WHAT TO PRODUCE -
The entries contain pictures, which should not appear in the copy; everything else must be reproduced exactly.

───── DATA SUPPLIED ─────

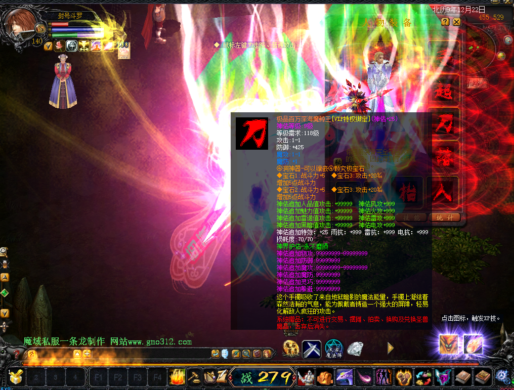 新人上线VIP7:魔魂+255战魂+9全属性(地水火风+8)装备
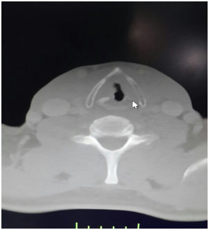 In patients diagnosed with head-neck cancer, anesthesia approach and airway management requires caution. In time, airway may change in patients. In patient in whom securing airway is very easy prior to resection surgery, subsequent to surgery or radiotherapy even mask ventilation may become impossible, because during surgical intervention, anatomic mark points are also resected. Moreover, fibrosis developing postoperatively or after radiotherapy restricts the mobility of the airway. Therefore, intubation with direct laryngoscopy may be difficult and excretion of excessive force may harm intact airway. Radiotherapy has long been used in the therapy of larynx carcinoma. One of the well known complications of this method, used in the treatment of head and neck neoplasms, is radio necrosis. It is possible to encounter tissue necrosis involving soft tissues, joints and bones.3‒8 Chondroradionecrosis is one of the rare and late complications of radiotherapy of larynx cancers and may arise in a large time period ranging between 1 to 50years.1 Two cases reported in the literature as delayed complications, occurred 44 and 50 years later respectively while in the present case this period was four months.
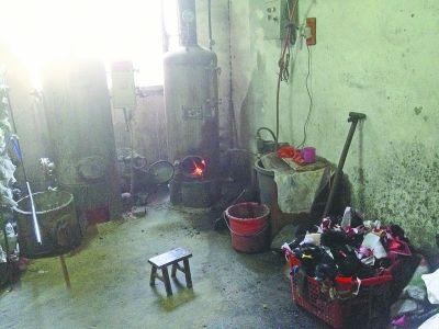 穿过阴暗的楼道,记者走进这座私房。制衣车间里的工人正在繁忙工作。二楼有一个锅炉房,两个锅炉火势正旺,房内堆着煤球和一筐废布料。
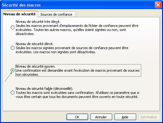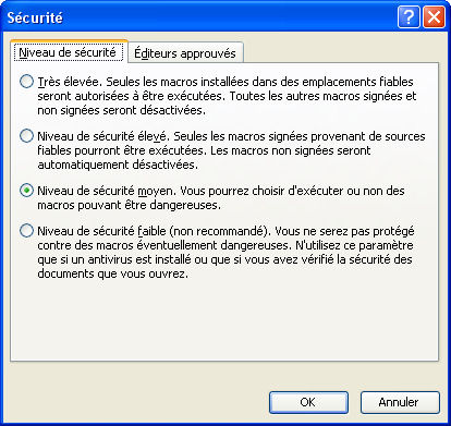 Dans le menu Outils, Macro, cliquer sur Sécurité, on obtient la boîte de dialogue suivante : Il faut cocher Niveau de sécurité moyen pour avoir, à l'ouverture d'un classeur contenant du code, une boîte de dialogue demandant si on veut rendre actif le code (on a donc le choix d'activer ou non les macros ou programmes en fonction de la provenance du classeur).
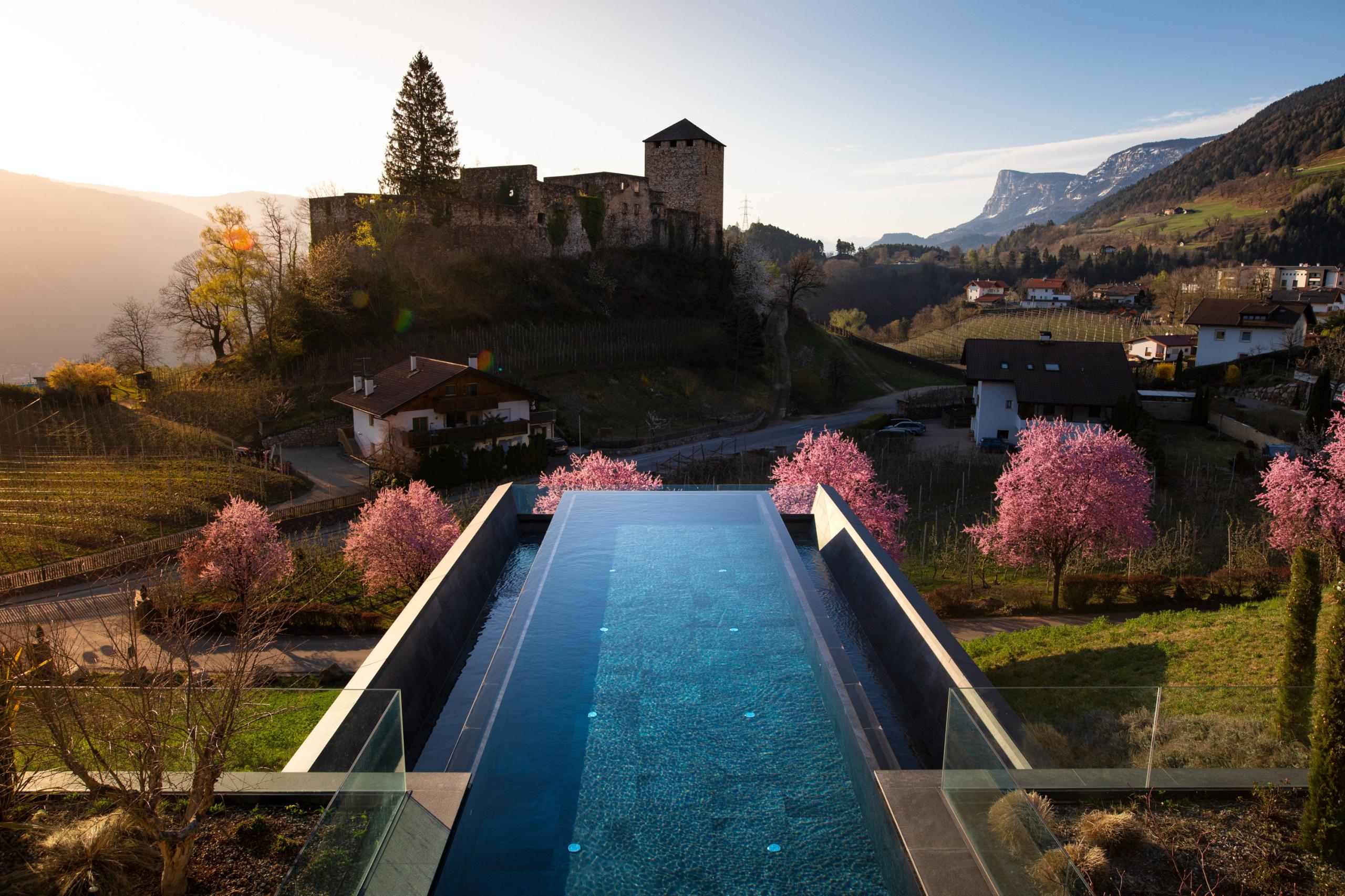 Questo splendido hotel wellness si trova a circa 700 metri s.l.m. nella soleggiata Foiana, sopra Lana. Grazie al suo clima mite, Foiana è un’amata stazione climatica, nonché il punto di partenza ideale per godersi emozionanti escursioni e giri in bici e respirare l’aria pura e salubre di montagna. Una vacanza in questa località immersa tra vigneti e frutteti vi regalerà una meravigliosa vista sulla Valle dell’Adige.
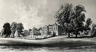 The house was then bought by the Conservative party politician Alexander Henry Campbell in July 1862. In October 1868, The Times carried advertising stating that the house, having failed to sell at auction, was now available for offers. It was stated to be "a moderate-sized mansion, in the Italian style, with charming terraces and gardens, overlooking a delightful and finely-timbered park, with a model farmery; the whole in perfect order, and extending over about 110 acres".[9]
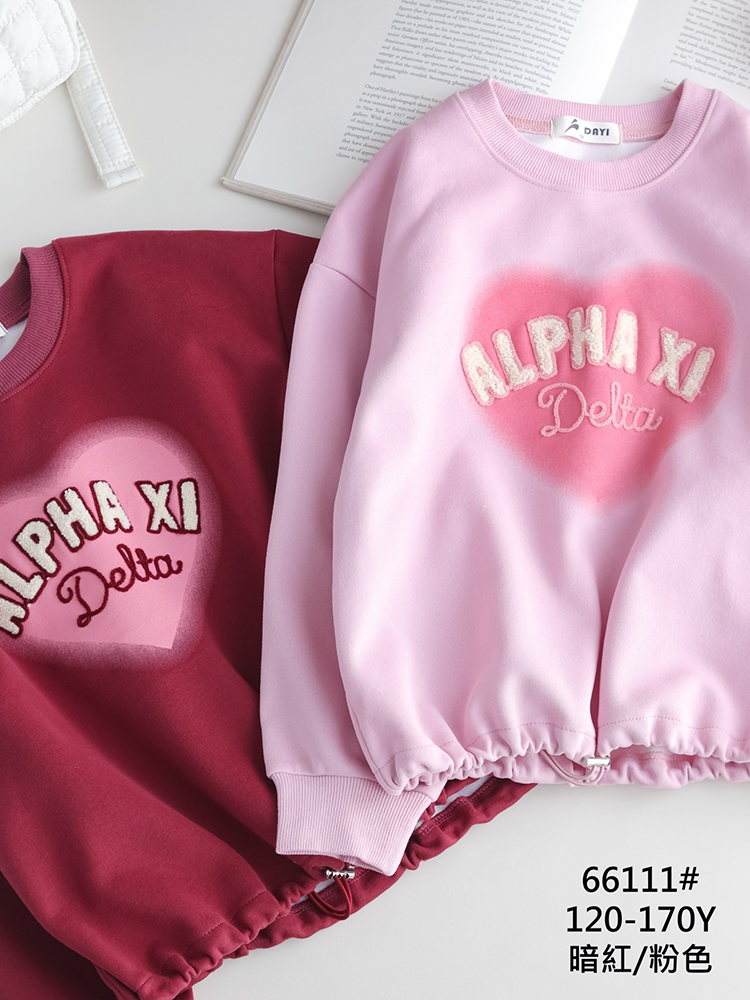 搶先評價 “中大女童 愛心字母長袖棉T 暗紅 120-160碼 [66111] RQ POLO 秋冬童裝 上衣 縮口圓領T恤 聖誕”
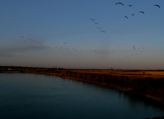 I ran 5 miles (878.5 miles) late this afternoon. It was a beautiful day for running and as I ran across the train bridge groups of Canadian geese were taking off from the river. As they flew over it felt like they were so close that I could reach up and touch them. I snapped a bunch of pictures; what a beautiful wondrous sight. In a couple weeks the geese will have all left for warmer southern weather. We have had hundreds of geese on the river the past few weeks. I don't remember noticing them last year because I wasn't running outside very much in November. It has been wonderful seeing them everyday and today's view of them flying over was spectacular.
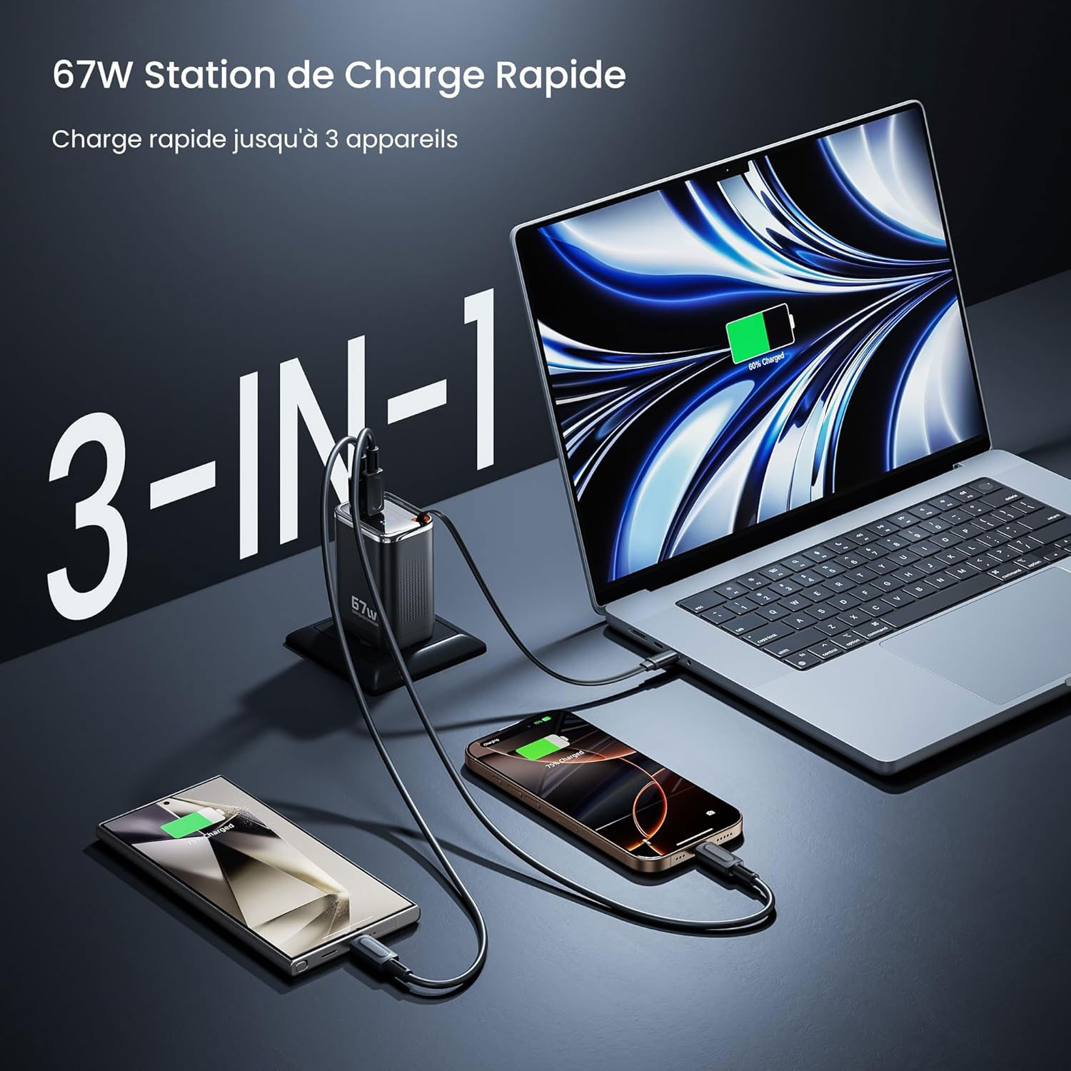 - 3 – in – 1 Multi USB C chargeur 67W: l’adaptateur secteur USB c est équipé d’une alimentation 1 USB – C (max 67w), 1 USB – A (max 30w) et 1 câble de charge rétractable (max 60W) pour charger jusqu’à trois appareils simultanément. Si vous avez besoin de charger 2 appareils rapidement, utilisez la combinaison de câbles de charge USB-C pour profiter de la charge simultanée sans compromettre la vitesse de charge
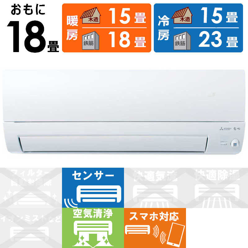 三菱 MITSUBISHI エアコン 18畳 工事込み 工事3年保証 三菱電機 霧ヶ峰 Sシリーズ (冷房:15~23畳/暖房:15~18畳) 2026年モデル ピュアホワイト MSZ-S5626S-W
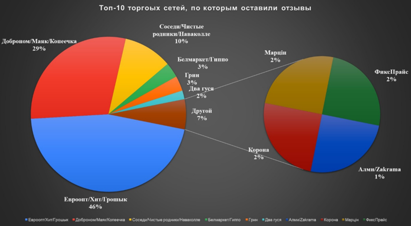 По данным МАРТ, наибольшую активность покупатели проявили в отношении таких торговых сетей, как «Евроопт», «Хит» и «Грошык» – 46%, «Доброном», «Маяк» и «Копеечка» – 29%, «Соседи», «Чистые родники» и «Наваколле» – 10%.
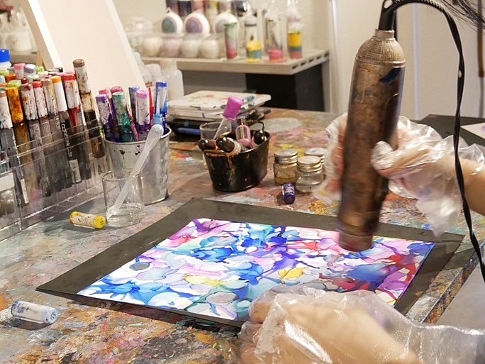 アルコールインクアートは絵が完成したらしっかり乾かし、土台作りもして、その場で持って帰れるみたいです☺️

─────

RESULT OF THIS TASK -
 新人上线VIP7:魔魂+255战魂+9全属性(地水火风+8)装备
 In patients diagnosed with head-neck cancer, anesthesia approach and airway management requires caution. In time, airway may change in patients. In patient in whom securing airway is very easy prior to resection surgery, subsequent to surgery or radiotherapy even mask ventilation may become impossible, because during surgical intervention, anatomic mark points are also resected. Moreover, fibrosis developing postoperatively or after radiotherapy restricts the mobility of the airway. Therefore, intubation with direct laryngoscopy may be difficult and excretion of excessive force may harm intact airway. Radiotherapy has long been used in the therapy of larynx carcinoma. One of the well known complications of this method, used in the treatment of head and neck neoplasms, is radio necrosis. It is possible to encounter tissue necrosis involving soft tissues, joints and bones.3‒8 Chondroradionecrosis is one of the rare and late complications of radiotherapy of larynx cancers and may arise in a large time period ranging between 1 to 50years.1 Two cases reported in the literature as delayed complications, occurred 44 and 50 years later respectively while in the present case this period was four months.
 穿过阴暗的楼道,记者走进这座私房。制衣车间里的工人正在繁忙工作。二楼有一个锅炉房,两个锅炉火势正旺,房内堆着煤球和一筐废布料。
 Dans le menu Outils, Macro, cliquer sur Sécurité, on obtient la boîte de dialogue suivante : Il faut cocher Niveau de sécurité moyen pour avoir, à l'ouverture d'un classeur contenant du code, une boîte de dialogue demandant si on veut rendre actif le code (on a donc le choix d'activer ou non les macros ou programmes en fonction de la provenance du classeur).
 Questo splendido hotel wellness si trova a circa 700 metri s.l.m. nella soleggiata Foiana, sopra Lana. Grazie al suo clima mite, Foiana è un’amata stazione climatica, nonché il punto di partenza ideale per godersi emozionanti escursioni e giri in bici e respirare l’aria pura e salubre di montagna. Una vacanza in questa località immersa tra vigneti e frutteti vi regalerà una meravigliosa vista sulla Valle dell’Adige.
 The house was then bought by the Conservative party politician Alexander Henry Campbell in July 1862. In October 1868, The Times carried advertising stating that the house, having failed to sell at auction, was now available for offers. It was stated to be "a moderate-sized mansion, in the Italian style, with charming terraces and gardens, overlooking a delightful and finely-timbered park, with a model farmery; the whole in perfect order, and extending over about 110 acres".[9]
 搶先評價 “中大女童 愛心字母長袖棉T 暗紅 120-160碼 [66111] RQ POLO 秋冬童裝 上衣 縮口圓領T恤 聖誕”
 I ran 5 miles (878.5 miles) late this afternoon. It was a beautiful day for running and as I ran across the train bridge groups of Canadian geese were taking off from the river. As they flew over it felt like they were so close that I could reach up and touch them. I snapped a bunch of pictures; what a beautiful wondrous sight. In a couple weeks the geese will have all left for warmer southern weather. We have had hundreds of geese on the river the past few weeks. I don't remember noticing them last year because I wasn't running outside very much in November. It has been wonderful seeing them everyday and today's view of them flying over was spectacular.
 - 3 – in – 1 Multi USB C chargeur 67W: l’adaptateur secteur USB c est équipé d’une alimentation 1 USB – C (max 67w), 1 USB – A (max 30w) et 1 câble de charge rétractable (max 60W) pour charger jusqu’à trois appareils simultanément. Si vous avez besoin de charger 2 appareils rapidement, utilisez la combinaison de câbles de charge USB-C pour profiter de la charge simultanée sans compromettre la vitesse de charge
 三菱 MITSUBISHI エアコン 18畳 工事込み 工事3年保証 三菱電機 霧ヶ峰 Sシリーズ (冷房:15~23畳/暖房:15~18畳) 2026年モデル ピュアホワイト MSZ-S5626S-W
 По данным МАРТ, наибольшую активность покупатели проявили в отношении таких торговых сетей, как «Евроопт», «Хит» и «Грошык» – 46%, «Доброном», «Маяк» и «Копеечка» – 29%, «Соседи», «Чистые родники» и «Наваколле» – 10%.
 アルコールインクアートは絵が完成したらしっかり乾かし、土台作りもして、その場で持って帰れるみたいです☺️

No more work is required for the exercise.